BEIJING — China will cut re-lending interest rates for small and micro enterprises by 0.5 percentage point as part of a broader policy package to ease the financial strain on small firms, a central bank document said on June 25.
The re-lending and rediscount quotas for small companies, as well as sectors concerning rural areas, will be increased by a total of 150 billion yuan ($23.11 billion), according to guidelines for increasing financial support for small and micro firms, released on the website of the People's Bank of China (PBOC).
Better mechanisms will be in place to support the issuance of financial bonds by small companies, while banking financial institutions will be encouraged to issue securities backed by small enterprise loans. These measures are expected to provide credit of more than 100 billion yuan, according to the guidelines.

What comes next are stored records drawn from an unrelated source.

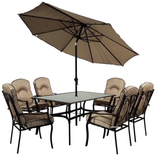 The Carlton Set features a 152 x 96cm rectangular table with granite effect 5mm glass. The six armchairs that are included in this set are stackable, allowing them to be put away when not in use. The chairs also include six padded cushions for your added comfort. The cushions feature a unique coloration, complimenting the rest of the set. Although the cushions are showerproof, it is advised that they are not left out in heavy rainfall, as they may be at risk of being damaged. The table supplied is of a stylish rectangular design, accommodating for all six of the armchairs to fit around the table comfortably. The table top is made from tempered glass. The 280cm crank parasol is supplied in a complimentary colour to the rest of the Carlton set and offers shade in the hotter, brighter months of the year.This is a very sturdy set that is ideal for use on patios and as general garden furniture.
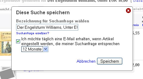 Obwohl Eurobuch auch den Bestand von Amazon, Booklooker und ebay durchsucht, ist es ratsam, sich für die jeweiligen Plattformen eigene Suchaufträge bzw. Lesezeichen einzurichten, da die einzelnen Datenbanken nicht zu gleichen Zeiten aktualisiert und die Suchauftrags-Mails verschickt werden.
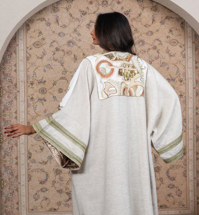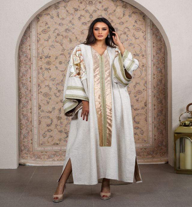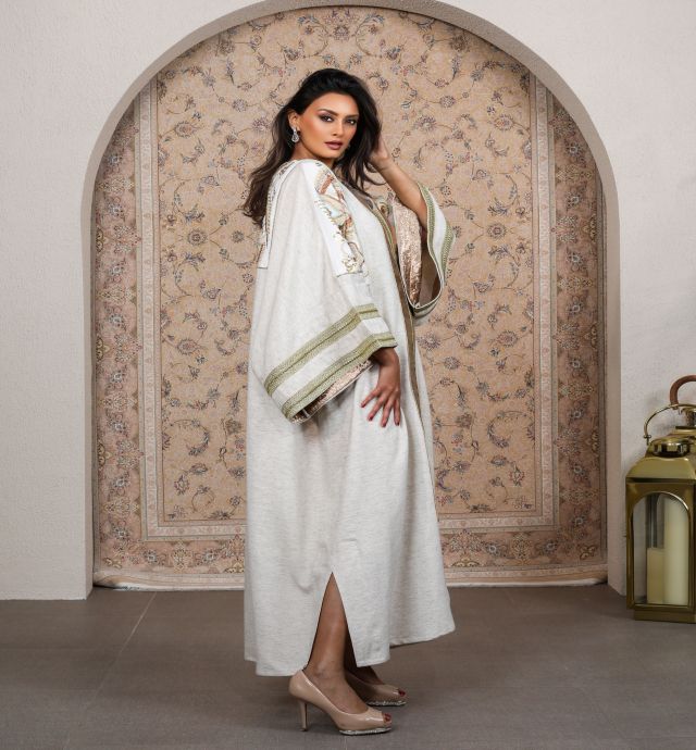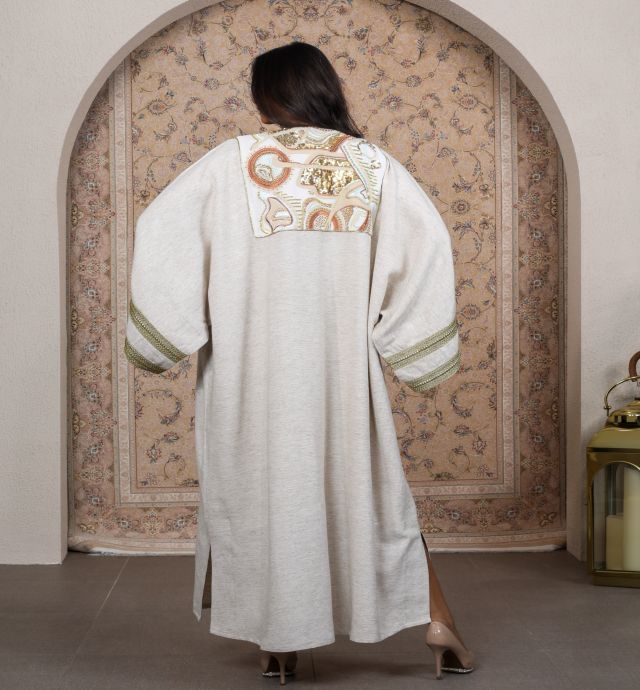 دراعه نسائيه لنن (قطن مطرز )فري سايز. الطول ٥٥انش

Loans for small firms with a credit line of 5 million yuan or less will be included in the scope of collateral for the central bank’s medium-term lending facility operation.

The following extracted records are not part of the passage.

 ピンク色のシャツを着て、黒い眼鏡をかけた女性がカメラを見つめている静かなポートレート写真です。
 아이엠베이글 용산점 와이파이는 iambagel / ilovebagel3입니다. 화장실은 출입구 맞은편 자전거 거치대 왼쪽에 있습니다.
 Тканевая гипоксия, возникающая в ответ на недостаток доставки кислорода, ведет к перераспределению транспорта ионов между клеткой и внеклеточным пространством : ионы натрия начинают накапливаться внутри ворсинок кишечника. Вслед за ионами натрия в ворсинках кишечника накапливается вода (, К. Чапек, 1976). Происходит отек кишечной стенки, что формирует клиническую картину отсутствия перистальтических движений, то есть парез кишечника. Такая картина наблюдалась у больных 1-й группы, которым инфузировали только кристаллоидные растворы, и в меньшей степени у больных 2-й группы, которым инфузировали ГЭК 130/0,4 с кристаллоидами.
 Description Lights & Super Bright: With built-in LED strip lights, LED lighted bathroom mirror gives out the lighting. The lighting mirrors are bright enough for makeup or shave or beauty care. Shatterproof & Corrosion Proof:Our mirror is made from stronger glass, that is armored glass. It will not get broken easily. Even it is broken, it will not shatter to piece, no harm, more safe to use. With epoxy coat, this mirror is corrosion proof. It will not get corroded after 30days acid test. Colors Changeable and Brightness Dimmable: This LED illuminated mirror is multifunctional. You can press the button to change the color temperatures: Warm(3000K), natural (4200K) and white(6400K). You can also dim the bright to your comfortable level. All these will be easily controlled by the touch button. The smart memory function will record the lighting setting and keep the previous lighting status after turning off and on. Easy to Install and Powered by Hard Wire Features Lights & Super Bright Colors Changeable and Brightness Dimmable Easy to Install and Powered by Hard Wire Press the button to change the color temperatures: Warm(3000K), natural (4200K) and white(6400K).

Small firms will be given more weight in the central bank’s macro-prudential assessment framework, according to the guidelines.
From September this year until the end of 2020, interest income for credit up to 5 million yuan, compared with previous 1 million yuan, for qualified small firms as well as individual businesses will be exempt from value-added tax.
China will also support the development of venture capital and angel investments to provide more financing channels for small firms, according to the guidelines.
The measures followed a central bank statement on June 24, which said it would cut some banks' reserve requirement ratios by 50 basis points on July 5, to support qualified debt-to-equity swap programs and help small business financing.
While China's small and micro businesses play an increasingly important role in the economy, they often find it difficult to access funds at a favorable rate compared with large State-owned enterprises.
Central Bank governor Yi Gang said at a recent forum that small and micro companies contribute to more than 60 percent of China's GDP, 80 percent of jobs and 50 percent of the country's tax revenue.
According to Dong Ximiao, senior researcher at Renmin University's Chongyang Institute for Financial Studies, said while more credit support should be given to small companies, authorities should also phase out financial support for "zombie companies" so that resources can be better allocated.